Nevada Elections Draw National Attention
The Gray Lady asks ‘Is Nevada Turning Red?’
By Megan Barth, June 14, 2022 3:30 pm
As extensively chronicled by The Globe, Nevada is on the national radar for the right reasons. Media outlets and politicos across the country have labeled Nevada as “the epicenter of the midterms“, a “state to watch”, and have predicted a “red tsunami” as Republicans seek to regain control of the Senate. A veteran consultant even referred to the midterm election as “a f**cking dogfight”.
Today, The New York Times followed suit in an article entitled, “Is Nevada Turning Red?” The reporter, Blake Hounshell, notes, “No state was walloped harder by the economic impact of the pandemic, and voters may take out their anger on Democrats.”
How very true. At the height of Governor Sisolak’s shutdowns, Nevada’s unemployment rate neared 30 percent. Today, state unemployment is the third highest in the country at five percent. Gas prices are the second highest in the country with a national average of $5.67 per gallon and rent has spiked to such heights that even Democrats are blaming Democrats for inflation.

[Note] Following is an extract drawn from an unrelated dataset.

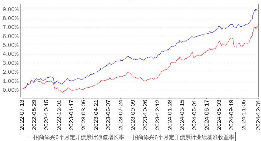
招商添兴6个月定开债累计净值增长率与同期业绩比较基准收益率的历史走势对比图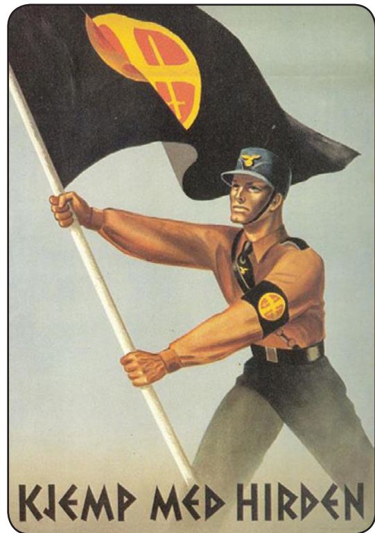
Hirden var Nasjonal Samlings politiske soldater og var i utgangspunktet ikke bevæpnet, men i 1943 deltok enkelte avdelinger i våpenøvelser for å tjene som norsk reservepoliti.

Deportasjonene av norske jøder til konsentrasjonsleirer som Auschwitz kastet ikke bare et grelt lys over NS og norske nazister, men stiller også enkelte andre såkalte «gode borgere» i et

Although early voting has been less than expected in the primary, this anger can be seen in the vast amount of Democrats switching their voter registration to Republican or Independent, at a rate four times that of Republicans.
The Times reports:
Much has been written about the woes of Senator Catherine Cortez Masto, a Democrat who is up for re-election this year. Whenever her name appears in national news coverage, it’s invariably accompanied by some version of the phrase “one of Democrats’ most endangered incumbents.”
The Times predicts Adam Laxalt as her likely challenger and reports on the down ballot Congressional races, noting:
Less well understood than the Senate stakes is the fact that all three of Democrats’ House seats in Nevada are also at risk in November.
The Cook Political Report rates all three districts as Democratic tossups. House Majority PAC, the main outside spending arm of House Democrats, has reserved more dollars in ad spending in Las Vegas than in any other media market in the country.
There’s Representative Susie Lee, who squeaked by her Republican opponent by fewer than 13,000 votes in 2020. Lee’s likely opponent is April Becker, a lawyer who has the backing of Representative Kevin McCarthy, the top Republican in the House.
Representative Steven Horsford, whose district stretches from northern Las Vegas to the middle of the state, could also be in trouble. In March, his wife, Sonya Douglass, popped up on Twitter to say she would “not be silent” about the decade-long affair he has admitted to having with Gabriela Linder, a former intern for Senator Harry Reid.
This election cycle, I will not be silent. And since @StevenHorsford refused to do it, I am putting all reporters, journalists, bloggers and others who choose to include my name and/or images of me and my children in any future stories about the #horsfordaffair on notice.
— Sonya Douglass, EdD (@drsonyadouglass) March 20, 2022
The Globe contacted Dr. Douglass for an interview, but she has since declined. Although she did tell The Globe, in an email, that she “doesn’t think anyone cares; he hasn’t been held to account; and, he has never apologized.”
The Times rounds out their Silver State summary with Congressional District 1:
Then there’s Representative Dina Titus, whose historically safe Las Vegas seat is now decidedly unsafe thanks to a decision by Nevada Democrats to spread some of the voters in her old district across the two others.
That move prompted a vulgar complaint by Titus, who blasted the redistricting move as “terrible” during remarks at an A.F.L.-C.I.O. town hall event in December.
While Titus believes she got f*cked by the Nevada Democrats, in a statement to The Times, Titus tries to differentiate herself from her Democratic Socialist challenger Amy Vilela by claiming she is not a socialist, but a “progressive Democrat”. However, when you look at Titus’ policies, supporters, and voting record, the difference between the two Democratic factions isn’t all that clear.
As Nevadans vote in the primary today to select their GOP challengers to these Democratic incumbents, we will have a better understanding how the races will take shape in a battle that will decide not only which party controls the U.S. Senate, but what party will retain or regain control of a state that has been hit the hardest by Bidenflation.